Mash-ups — Web sites created independently of Google that embellish Google Maps with annotations, photos and interactive content — open up a whole new world. Pegg explained that "mash-up," a term used in the music industry for remixing songs together into new musical combinations, applies to Google Maps applications, too.
"You're taking the map and the data and mashing it up together," Pegg said. "The many mapping innovations that Google has introduced have turned lots of people into mash-up creators — not just folks with technical backgrounds but people with no programming skills who can create a Google mash-up in minutes on the Web using Google's map creation tools."
Once a mash-up is launched online, many mash-up creators invite users to add information to their mash-ups, accumulating helpful facts at a local or national level. Gas Buddy, for example, posts gas prices directly onto a searchable map. Weather Bonk accesses weather conditions through a map and syncs forecasts with driving directions. At RoadPetition, drivers can target road conditions that are hazardous or annoying (such as potholes) and get a petition started to fix the problem. More information about such sites is available through Google Maps Mania and Cool Google Maps.
Mash-Ups Hit the Road
Travelers can learn about local customs and taboos by clicking on vacation destinations at Travel Dodo. Clickable maps with information about restaurants, clubs and sports events are available online for large cities in the country. Other sites cater to more idiosyncratic tastes, like Dark Destinations or Roadside America, which pinpoint offbeat tourist attractions around the country.

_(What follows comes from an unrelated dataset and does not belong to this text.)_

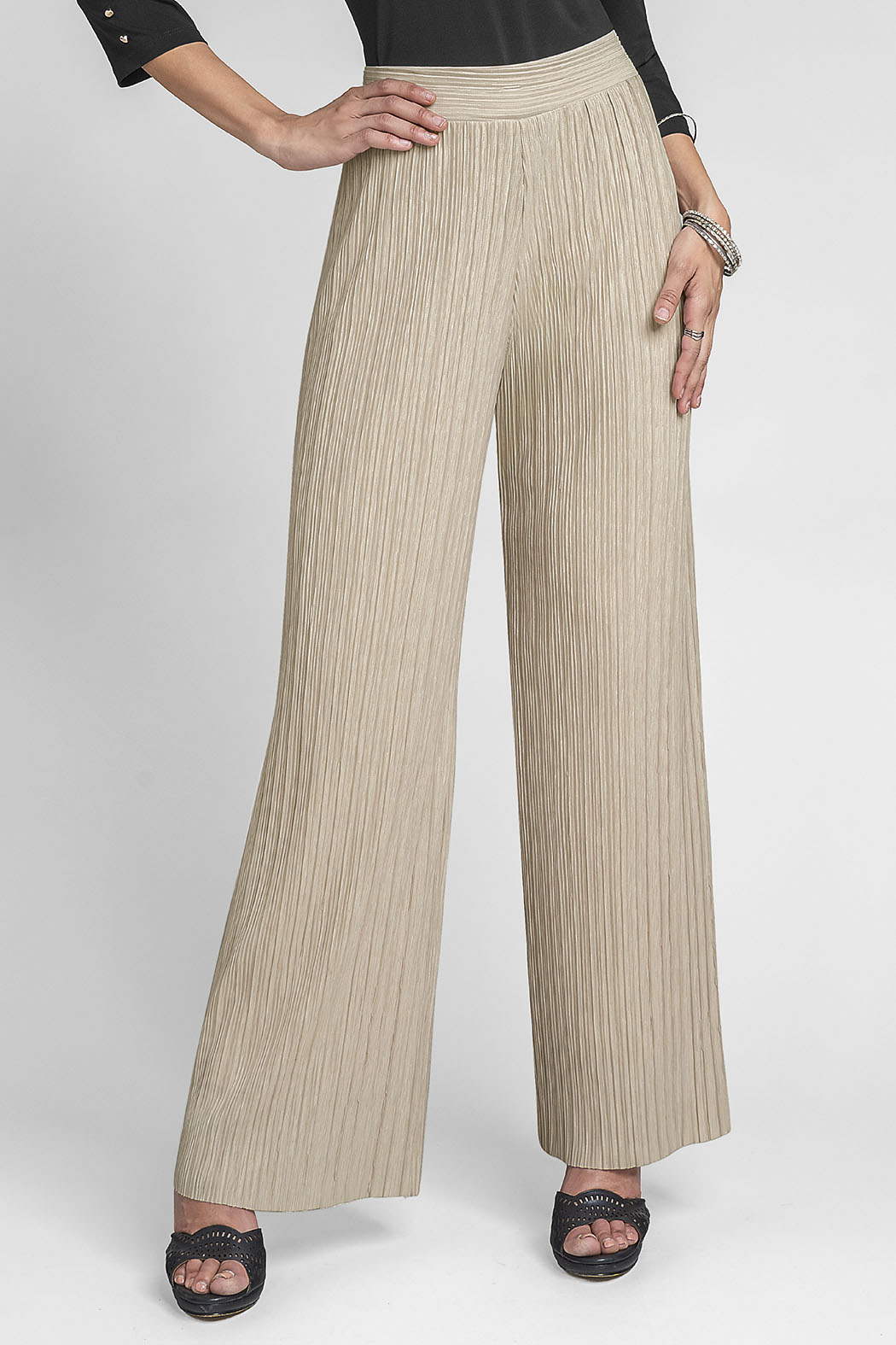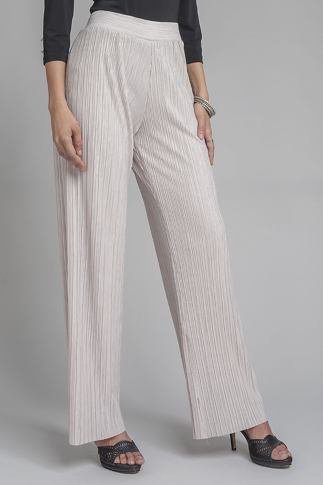 Pantalón De Textura Que Destaca Por Su Acabado Plisado En Toda La Pieza, Lo Que Genera Un Movimiento Espectacular Y Una Caída Ligera Que No Se Arruga. Presenta Un Diseño De Talle Alto Con Una Pretina Ancha Y Elástica Que Define La Cintura Cómodamente Sin Oprimir. Su Corte De Pierna Ancha Y Fluida En Un Suave Tono Lo Convierte En La Pieza Perfecta Para Eventos De Día O Vacaciones.

Google Maps also provides information on traffic jams. Cities from Boston to San Francisco are digitally mapping their transit systems. Google Maps has recently added an option within its driving directions function that offers public transit information and is testing a ride finder portal, currently with taxi and shuttle information for several cities. RideShare.us uses Google Maps to help commuters and event planners reduce roadway and parking congestion by establishing carpools.
Mobile devices allow you to take Google Maps along for the drive. On its site, Google explains how to access Google Maps with cell phones or portable digital assistants or how to use them to enhance GPS data. Before hitting the road, mobile phone users can check SignalMap to search for cell phone coverage, locate dead spots and compare signal strengths at various locations.
Mercedes-Benz drivers with the TeleAid driver assistance system can even send Google Map searches to their car's navigation system using the recently introduced Search & Send function. And if a Benz driver forgets to download the map before they get on the road, they can ask anyone at a computer to transmit it remotely. Mercedes-Benz is the only company that offers this feature in the United States, though a similar service is available from BMW in Germany.
With so many creative uses of Google Maps out there, you may be inspired to put the Web site to the test. Use Street View to plan a scenic drive or to decide whether that sidewalk café really has romantic ambience. Drag and drop to plot the shortest route to work. Find a mash-up to help you remember the name of the terrific hotel you stayed at on your last vacation. Edmunds recently set up the Stupid Google Tricks discussion on CarSpace to share wacky or practical ways drivers use Google Maps or Google Earth. From repair shops to alternative-fuel stations, from classic car rallies to rest stop locations, Google Maps can bring the automotive world to your door.